Acute pulmonary embolism (APE) has a high mortality rate worldwide. The cause of death from pulmonary embolism (PE) is predominantly progressive right heart failure, which is common in intermediate-high-risk and high-risk patients. The latest guidelines recommend reperfusion thrombolytic therapy for high-risk patients, but it is rarely practiced clinically, given the high rate of intracranial hemorrhage. Moreover, the optimal treatment for intermediate-risk patients remains undetermined. With the development of technology, a series of endovascular interventional treatments are widely used in patients with intermediate-high-risk or high-risk PE, such as standard catheter-directed thrombolysis (SCDT), ultrasound-assisted thrombolysis (USAT), pharmacomechanical catheter-directed thrombolysis (PM-CDT) and mechanical thrombectomy (MT). Current studies have shown that interventional therapy can effectively improve right heart function and reduce the incidence of cerebral hemorrhage. Future research should mainly focus on screening patients who benefit from interventional therapy, reducing mortality, and improving long-term sequelae.

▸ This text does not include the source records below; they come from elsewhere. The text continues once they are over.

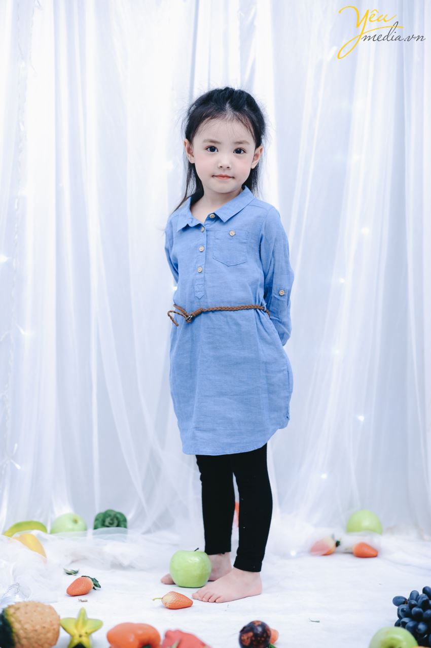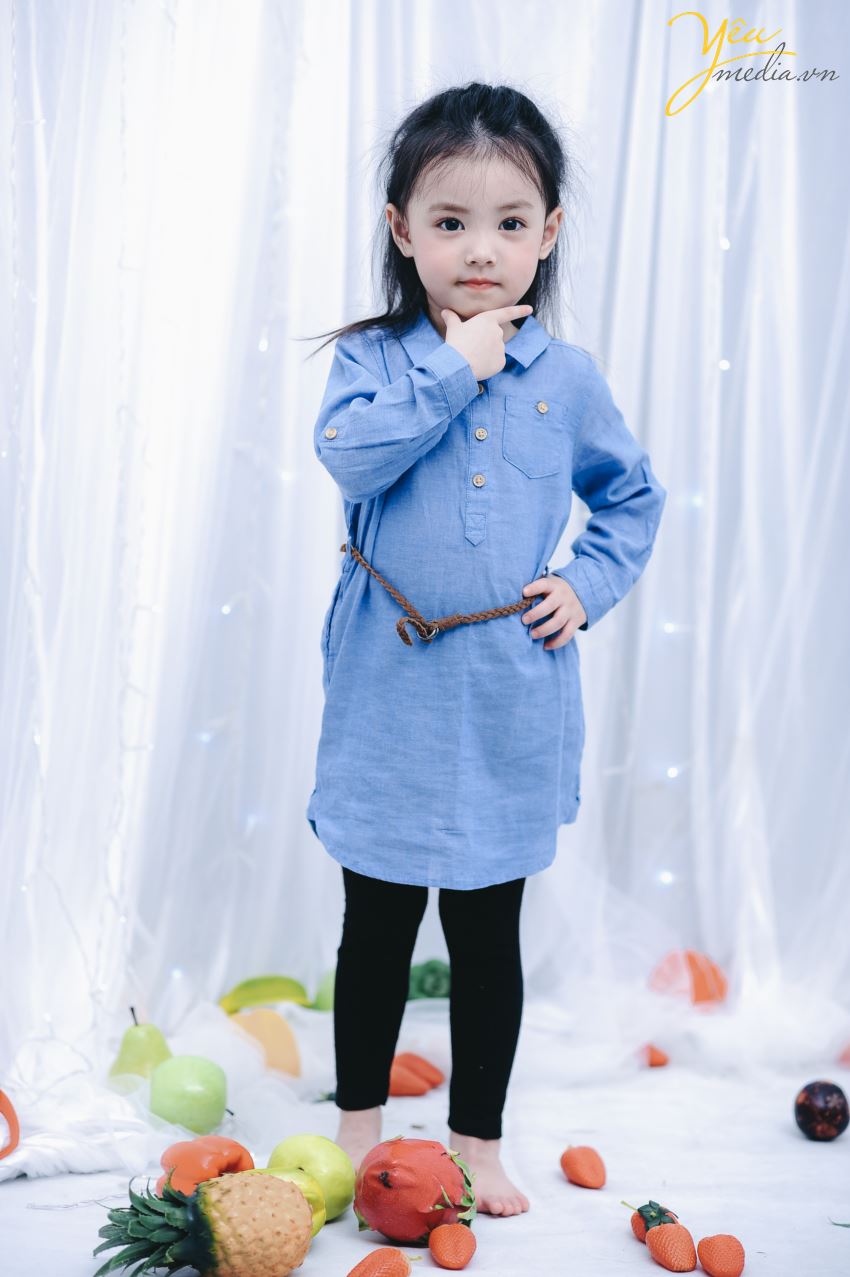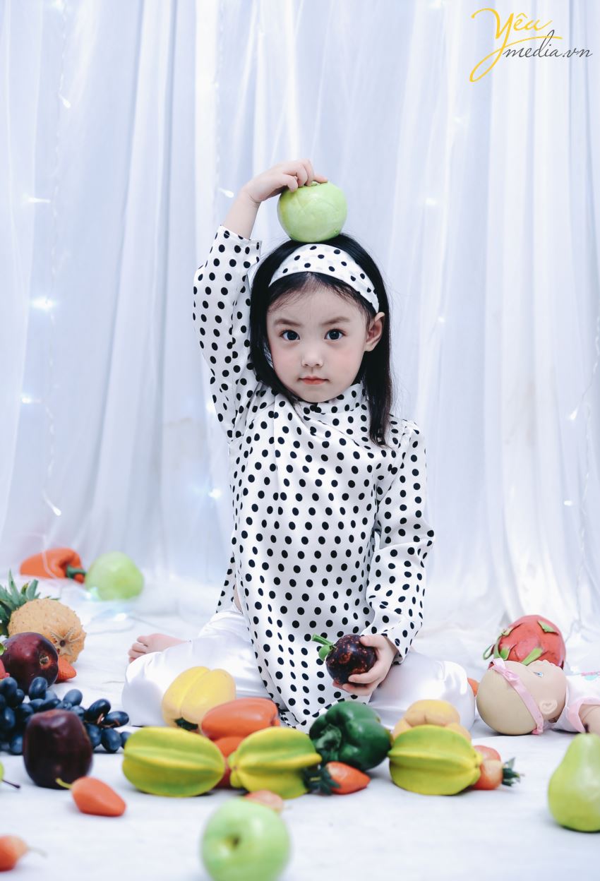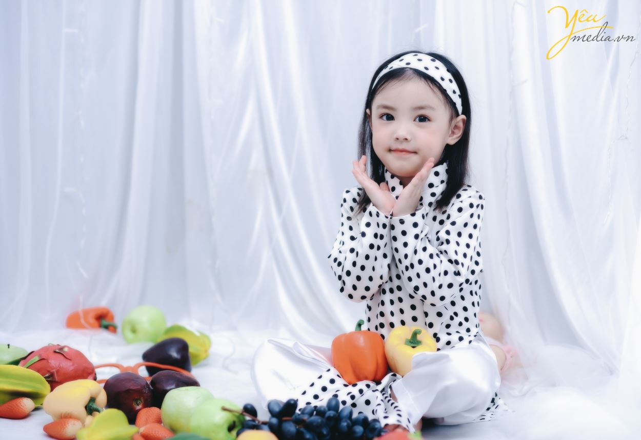 Không chỉ vậy, cả ekip chụp ảnh đều đặc biệt ấn tượng với cách biểu cảm và tạo dáng của cô bé. Sau mỗi lần thay đồ, bé lại chủ động biết tạo dáng để phù hợp với bộ ảnh. Bé cũng biết tương tác với các đạo cụ xung quanh như hoa quả và cành hoa một cách rất “chuyên nghiệp”.
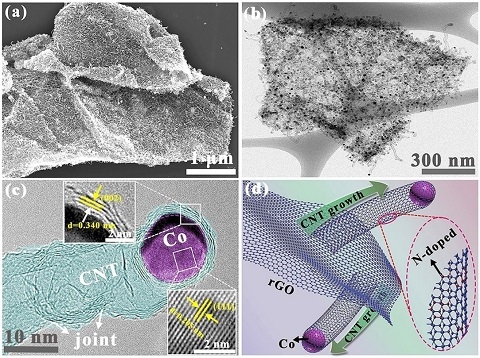 Co@N-CNTs@rGO催化剂的(a)扫描电镜图、(b)透射电镜图、(c)高分辨透射电镜图和(d)结构示意图
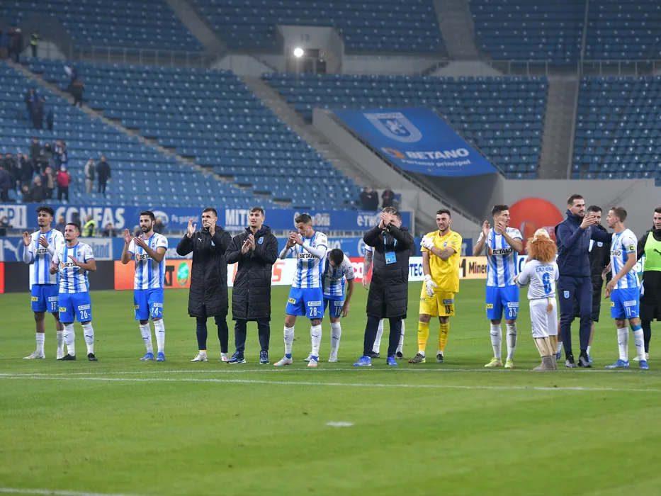 Fotbalistii craioveni aplauda galeria dupa meciul de fotbal dintre Universitatea Craiova si Academica Clinceni, contand pentru Liga 1 Casa Pariurilor, desfasurat pe Stadionul Ion Oblemenco din Craiova, luni 18 octombrie 2021. © FOTO:Razvan Pasarica/SPORT PICTURES
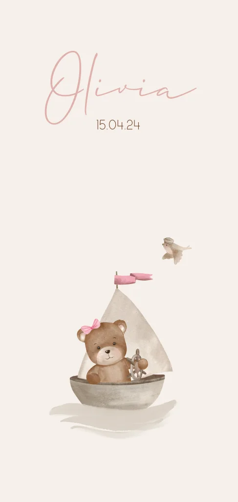 Dit langwerpige geboortekaartje met rustige en lieve uitstraling is perfect voor jullie pasgeboren dochtertje. Op de beige achtergrond staat de naam van jullie kleintje in sierlijk roze letters. Daaronder vaart een beertje in een bootje met roze accenten.

This article aimed to review these treatment devices and provide an update on the research progress related to interventional therapy for PE. In addition, we introduce a risk stratification assessment for APE in the updated guidelines and provide an overview of risk indicators and APE scores for judging prognosis. Finally, we discuss the long-term outcomes of APE in combination with interventional therapy.

急性中高危和高危肺栓塞介入疗法的研究进展。
急性肺栓塞(APE)在全世界的死亡率都很高。肺栓塞(PE)的死因主要是进行性右心衰竭,常见于中高危和高危患者。最新指南建议对高危患者进行再灌注溶栓治疗,但由于颅内出血发生率较高,临床上很少采用。此外,中危患者的最佳治疗方法仍未确定。随着技术的发展,一系列血管内介入疗法被广泛应用于中高危或高危 PE 患者,如标准导管引导溶栓疗法(SCDT)、超声辅助溶栓疗法(USAT)、药物机械导管引导溶栓疗法(PM-CDT)和机械取栓疗法(MT)。目前的研究表明,介入治疗能有效改善右心功能,降低脑出血的发生率。未来的研究应主要集中在筛选从介入治疗中获益的患者、降低死亡率和改善长期后遗症。本文旨在回顾这些治疗设备,并提供与 PE 介入治疗相关的最新研究进展。此外,我们还介绍了最新指南中的 APE 风险分层评估,并概述了用于判断预后的风险指标和 APE 评分。最后,我们讨论了 APE 联合介入治疗的长期疗效。
本文章由计算机程序翻译,如有差异,请以英文原文为准。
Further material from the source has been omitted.